*** Available data Section Begins ***

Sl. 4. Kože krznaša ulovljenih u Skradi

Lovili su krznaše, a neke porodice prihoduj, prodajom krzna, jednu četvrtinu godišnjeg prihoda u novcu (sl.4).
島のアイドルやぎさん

*** Available data Section Ends ***
*** Available data Section Begins ***

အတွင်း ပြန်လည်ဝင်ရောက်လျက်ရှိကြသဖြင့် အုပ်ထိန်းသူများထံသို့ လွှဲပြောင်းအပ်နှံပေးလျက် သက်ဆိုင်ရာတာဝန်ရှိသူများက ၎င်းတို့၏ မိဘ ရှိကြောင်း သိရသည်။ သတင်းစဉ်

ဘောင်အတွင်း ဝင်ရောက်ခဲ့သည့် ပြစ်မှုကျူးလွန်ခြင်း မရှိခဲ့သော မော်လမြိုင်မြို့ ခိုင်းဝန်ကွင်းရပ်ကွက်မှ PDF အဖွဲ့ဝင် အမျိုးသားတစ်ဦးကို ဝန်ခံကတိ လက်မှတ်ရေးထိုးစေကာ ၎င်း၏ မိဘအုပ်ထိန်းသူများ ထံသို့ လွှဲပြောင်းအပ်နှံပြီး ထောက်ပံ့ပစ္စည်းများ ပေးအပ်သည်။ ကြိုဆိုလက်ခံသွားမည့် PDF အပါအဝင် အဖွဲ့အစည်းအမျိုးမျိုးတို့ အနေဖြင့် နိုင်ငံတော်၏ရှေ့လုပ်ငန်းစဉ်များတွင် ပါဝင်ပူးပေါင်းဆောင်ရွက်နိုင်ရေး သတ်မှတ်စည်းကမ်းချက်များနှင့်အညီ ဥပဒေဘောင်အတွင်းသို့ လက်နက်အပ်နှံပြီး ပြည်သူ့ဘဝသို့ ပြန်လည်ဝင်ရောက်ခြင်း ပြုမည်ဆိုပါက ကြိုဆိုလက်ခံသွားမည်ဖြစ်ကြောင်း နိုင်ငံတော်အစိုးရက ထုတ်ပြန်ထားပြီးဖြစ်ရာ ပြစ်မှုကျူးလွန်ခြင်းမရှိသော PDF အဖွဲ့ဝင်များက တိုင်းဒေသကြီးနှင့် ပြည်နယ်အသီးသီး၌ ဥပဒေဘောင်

*** Available data Section Ends ***

**Assigned task**
Using the data above, reproduce exactly the lines from the line that contains "အတွင်း ပြန်လည်ဝင်ရောက်လျက်ရှိကြသဖြင့် အုပ်ထိန်းသူများထံသို့" through the line that contains "ဘောင်အတွင်း ဝင်ရောက်ခဲ့သည့် ပြစ်မှုကျူးလွန်ခြင်း", including both.

**Result**
အတွင်း ပြန်လည်ဝင်ရောက်လျက်ရှိကြသဖြင့် အုပ်ထိန်းသူများထံသို့ လွှဲပြောင်းအပ်နှံပေးလျက် သက်ဆိုင်ရာတာဝန်ရှိသူများက ၎င်းတို့၏ မိဘ ရှိကြောင်း သိရသည်။ သတင်းစဉ်

ဘောင်အတွင်း ဝင်ရောက်ခဲ့သည့် ပြစ်မှုကျူးလွန်ခြင်း မရှိခဲ့သော မော်လမြိုင်မြို့ ခိုင်းဝန်ကွင်းရပ်ကွက်မှ PDF အဖွဲ့ဝင် အမျိုးသားတစ်ဦးကို ဝန်ခံကတိ လက်မှတ်ရေးထိုးစေကာ ၎င်း၏ မိဘအုပ်ထိန်းသူများ ထံသို့ လွှဲပြောင်းအပ်နှံပြီး ထောက်ပံ့ပစ္စည်းများ ပေးအပ်သည်။ ကြိုဆိုလက်ခံသွားမည့် PDF အပါအဝင် အဖွဲ့အစည်းအမျိုးမျိုးတို့ အနေဖြင့် နိုင်ငံတော်၏ရှေ့လုပ်ငန်းစဉ်များတွင် ပါဝင်ပူးပေါင်းဆောင်ရွက်နိုင်ရေး သတ်မှတ်စည်းကမ်းချက်များနှင့်အညီ ဥပဒေဘောင်အတွင်းသို့ လက်နက်အပ်နှံပြီး ပြည်သူ့ဘဝသို့ ပြန်လည်ဝင်ရောက်ခြင်း ပြုမည်ဆိုပါက ကြိုဆိုလက်ခံသွားမည်ဖြစ်ကြောင်း နိုင်ငံတော်အစိုးရက ထုတ်ပြန်ထားပြီးဖြစ်ရာ ပြစ်မှုကျူးလွန်ခြင်းမရှိသော PDF အဖွဲ့ဝင်များက တိုင်းဒေသကြီးနှင့် ပြည်နယ်အသီးသီး၌ ဥပဒေဘောင်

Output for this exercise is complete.